> Record set:
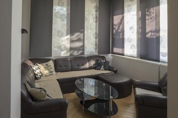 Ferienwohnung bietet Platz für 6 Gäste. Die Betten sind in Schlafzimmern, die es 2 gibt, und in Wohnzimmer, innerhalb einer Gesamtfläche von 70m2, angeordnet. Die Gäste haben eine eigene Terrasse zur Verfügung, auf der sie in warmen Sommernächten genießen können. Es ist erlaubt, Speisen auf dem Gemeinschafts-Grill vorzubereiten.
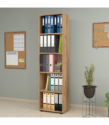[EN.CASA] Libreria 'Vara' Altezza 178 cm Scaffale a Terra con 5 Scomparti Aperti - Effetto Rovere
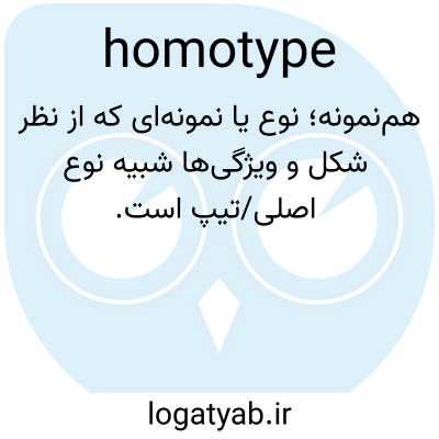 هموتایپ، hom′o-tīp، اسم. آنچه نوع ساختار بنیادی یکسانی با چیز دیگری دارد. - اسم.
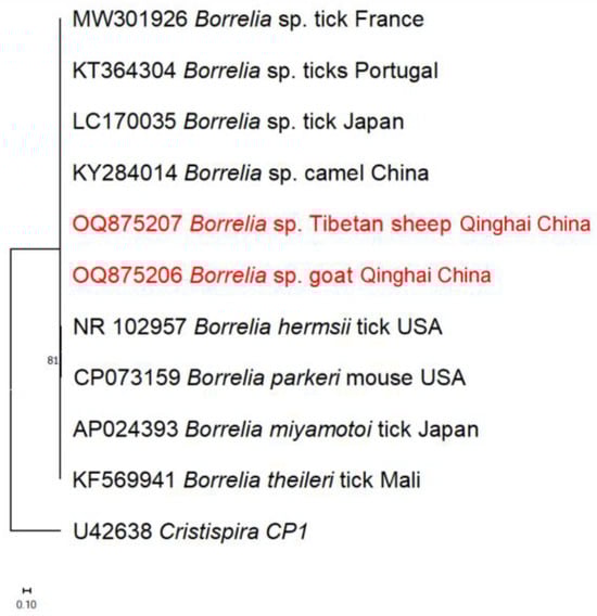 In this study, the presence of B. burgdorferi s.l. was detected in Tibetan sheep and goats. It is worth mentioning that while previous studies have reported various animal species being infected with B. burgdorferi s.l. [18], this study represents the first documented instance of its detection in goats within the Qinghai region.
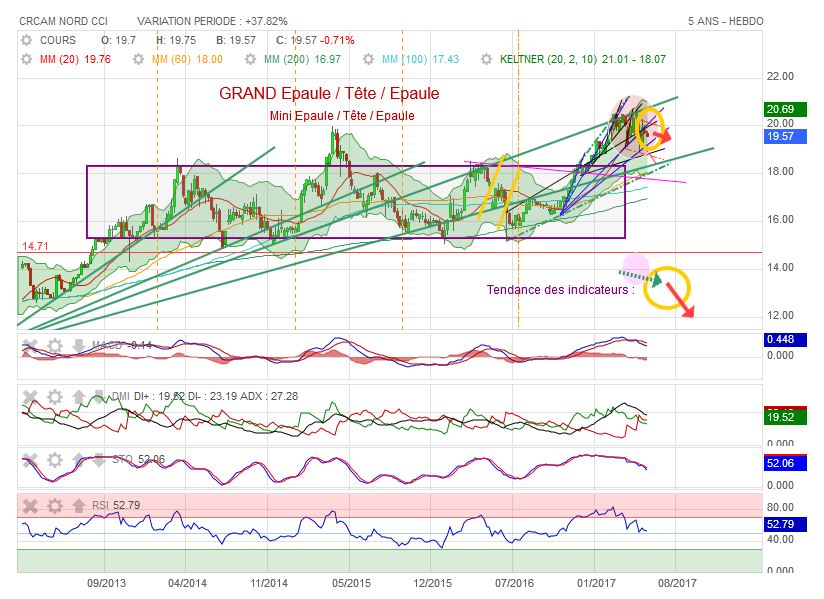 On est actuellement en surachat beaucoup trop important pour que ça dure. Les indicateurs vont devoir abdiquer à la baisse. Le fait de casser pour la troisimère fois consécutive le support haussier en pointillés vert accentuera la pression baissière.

--

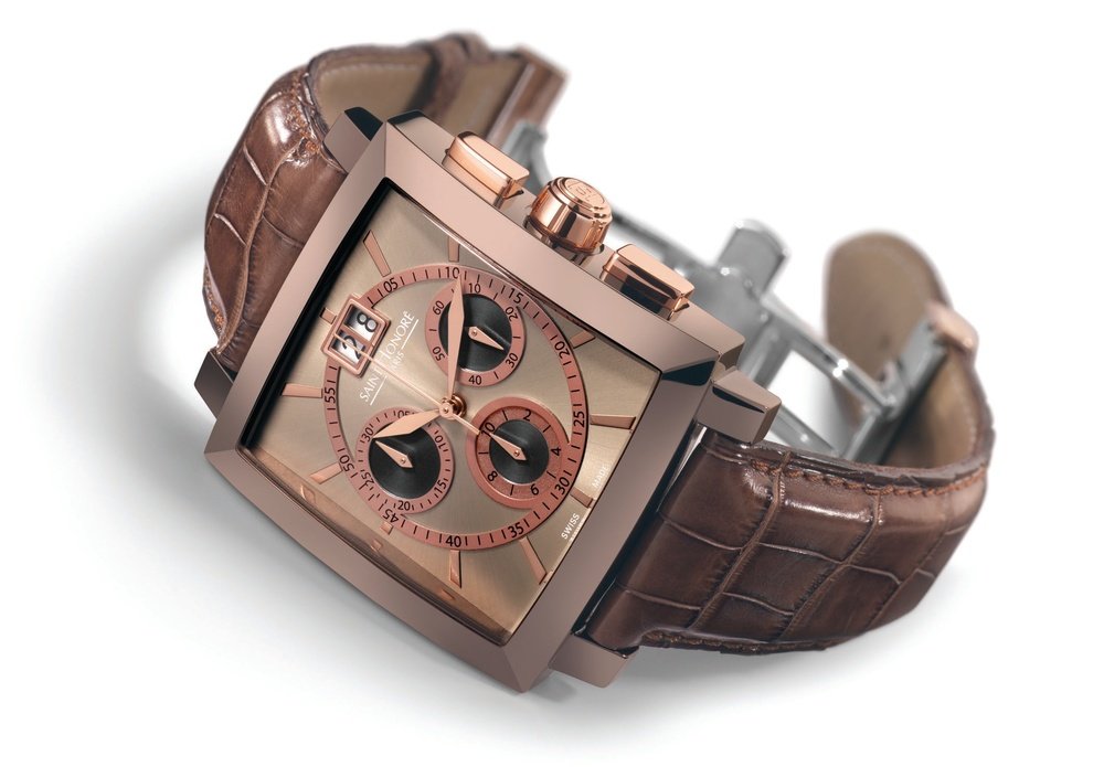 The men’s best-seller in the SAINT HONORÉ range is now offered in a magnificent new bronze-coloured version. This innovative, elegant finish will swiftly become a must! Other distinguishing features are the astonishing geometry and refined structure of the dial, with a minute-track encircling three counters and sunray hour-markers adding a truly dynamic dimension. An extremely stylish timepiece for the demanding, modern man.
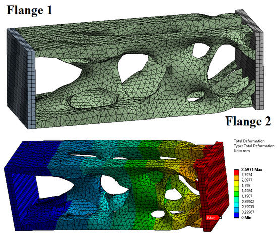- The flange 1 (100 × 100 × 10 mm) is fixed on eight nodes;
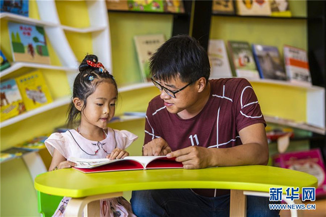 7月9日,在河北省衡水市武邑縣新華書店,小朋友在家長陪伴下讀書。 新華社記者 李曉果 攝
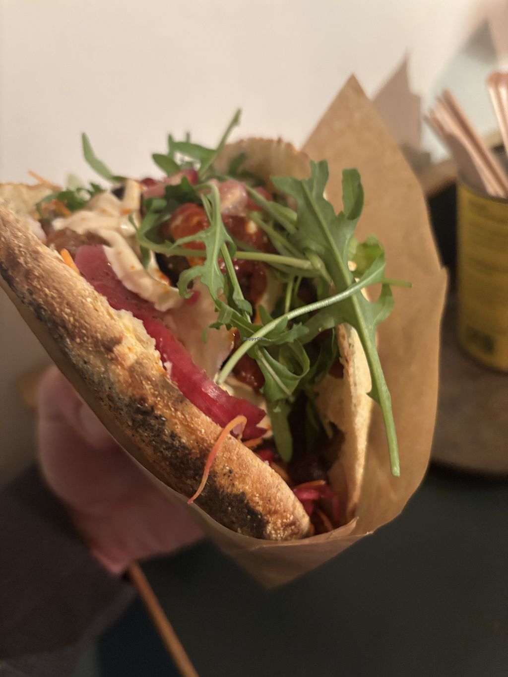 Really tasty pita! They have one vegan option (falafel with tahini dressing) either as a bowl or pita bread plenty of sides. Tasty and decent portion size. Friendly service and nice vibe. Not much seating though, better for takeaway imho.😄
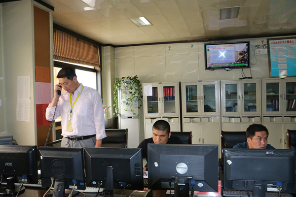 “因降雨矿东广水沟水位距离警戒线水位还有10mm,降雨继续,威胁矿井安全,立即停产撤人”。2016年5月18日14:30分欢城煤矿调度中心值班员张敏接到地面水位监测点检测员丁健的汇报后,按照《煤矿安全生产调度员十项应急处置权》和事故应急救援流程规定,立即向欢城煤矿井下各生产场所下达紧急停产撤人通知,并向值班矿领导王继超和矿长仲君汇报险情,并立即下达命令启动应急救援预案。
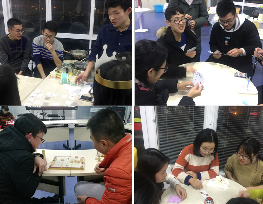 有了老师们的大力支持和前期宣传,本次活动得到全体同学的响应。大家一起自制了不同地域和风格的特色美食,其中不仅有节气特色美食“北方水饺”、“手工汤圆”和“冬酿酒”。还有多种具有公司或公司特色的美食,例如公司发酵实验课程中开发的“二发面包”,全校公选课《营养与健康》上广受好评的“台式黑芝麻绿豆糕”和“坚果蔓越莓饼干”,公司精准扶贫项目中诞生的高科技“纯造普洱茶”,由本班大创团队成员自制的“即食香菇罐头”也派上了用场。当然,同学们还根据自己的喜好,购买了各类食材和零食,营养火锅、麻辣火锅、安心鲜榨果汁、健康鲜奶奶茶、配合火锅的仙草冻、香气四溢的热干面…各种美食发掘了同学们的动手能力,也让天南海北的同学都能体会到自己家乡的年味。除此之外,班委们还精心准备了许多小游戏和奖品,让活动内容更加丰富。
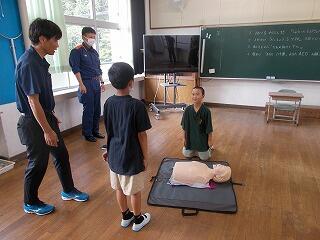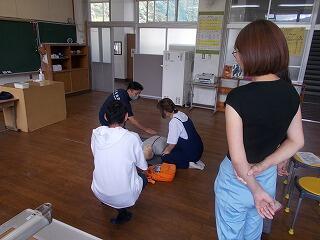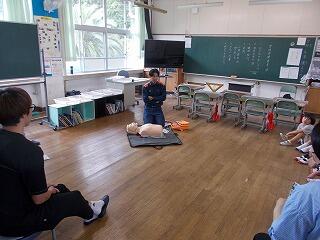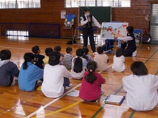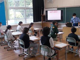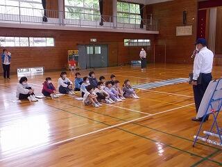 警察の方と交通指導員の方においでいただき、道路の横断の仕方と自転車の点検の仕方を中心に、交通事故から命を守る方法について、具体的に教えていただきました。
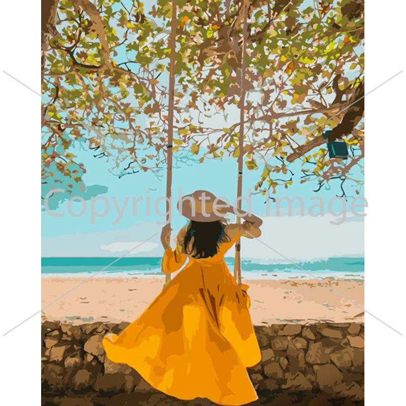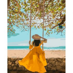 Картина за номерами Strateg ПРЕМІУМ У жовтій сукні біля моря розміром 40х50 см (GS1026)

...

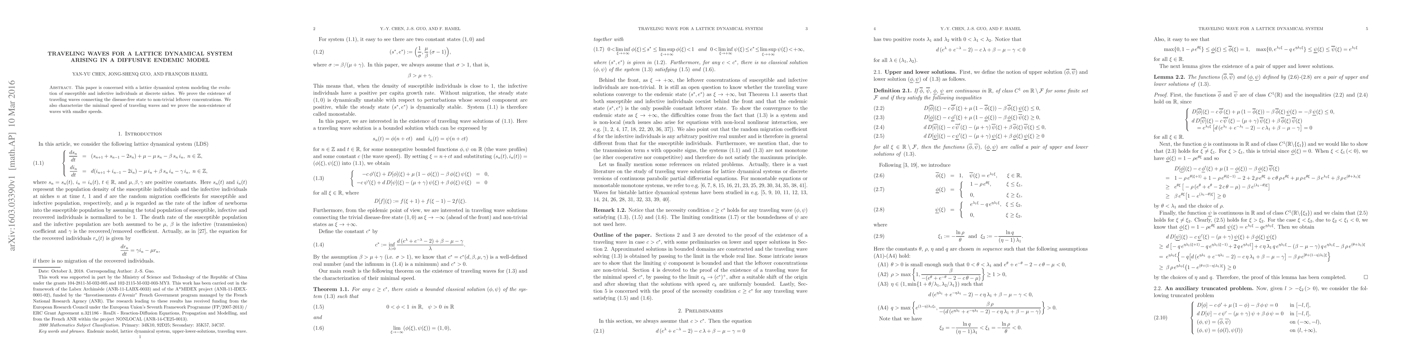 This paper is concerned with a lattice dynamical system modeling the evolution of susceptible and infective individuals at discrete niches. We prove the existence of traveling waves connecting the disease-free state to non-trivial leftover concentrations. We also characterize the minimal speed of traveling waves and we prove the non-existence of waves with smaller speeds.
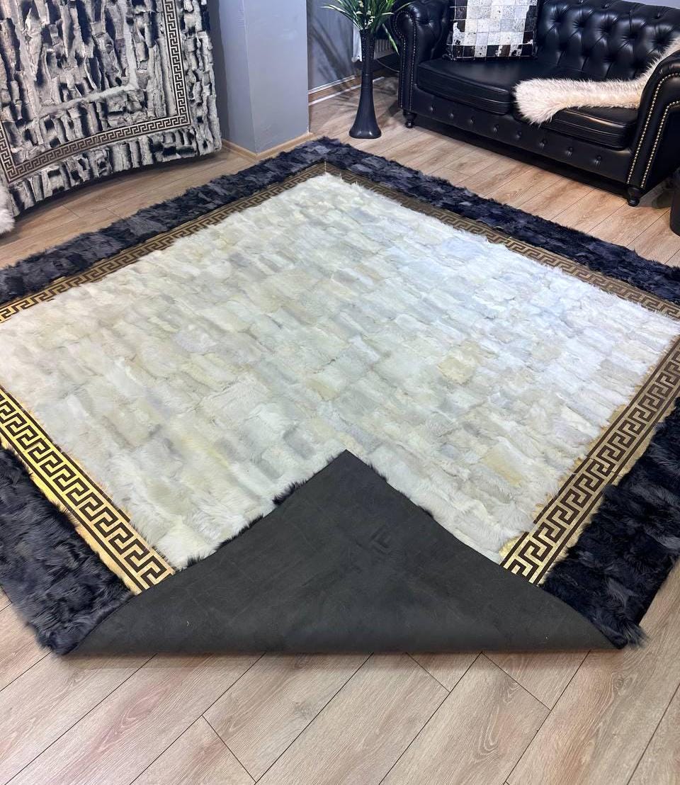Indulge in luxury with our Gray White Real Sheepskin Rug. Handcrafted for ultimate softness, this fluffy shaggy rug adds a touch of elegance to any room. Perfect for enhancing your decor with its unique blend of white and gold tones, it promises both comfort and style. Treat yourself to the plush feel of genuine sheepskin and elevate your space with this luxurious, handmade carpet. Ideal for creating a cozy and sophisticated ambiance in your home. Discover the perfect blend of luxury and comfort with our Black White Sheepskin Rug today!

> To do: Give again the stretch of lines above from the one with "Ferienwohnung bietet Platz" through the one with "On est actuellement", both ends kept, and copy no pictures.

> Solution to the problem:
 Ferienwohnung bietet Platz für 6 Gäste. Die Betten sind in Schlafzimmern, die es 2 gibt, und in Wohnzimmer, innerhalb einer Gesamtfläche von 70m2, angeordnet. Die Gäste haben eine eigene Terrasse zur Verfügung, auf der sie in warmen Sommernächten genießen können. Es ist erlaubt, Speisen auf dem Gemeinschafts-Grill vorzubereiten.
[EN.CASA] Libreria 'Vara' Altezza 178 cm Scaffale a Terra con 5 Scomparti Aperti - Effetto Rovere
 هموتایپ، hom′o-tīp، اسم. آنچه نوع ساختار بنیادی یکسانی با چیز دیگری دارد. - اسم.
 In this study, the presence of B. burgdorferi s.l. was detected in Tibetan sheep and goats. It is worth mentioning that while previous studies have reported various animal species being infected with B. burgdorferi s.l. [18], this study represents the first documented instance of its detection in goats within the Qinghai region.
 On est actuellement en surachat beaucoup trop important pour que ça dure. Les indicateurs vont devoir abdiquer à la baisse. Le fait de casser pour la troisimère fois consécutive le support haussier en pointillés vert accentuera la pression baissière.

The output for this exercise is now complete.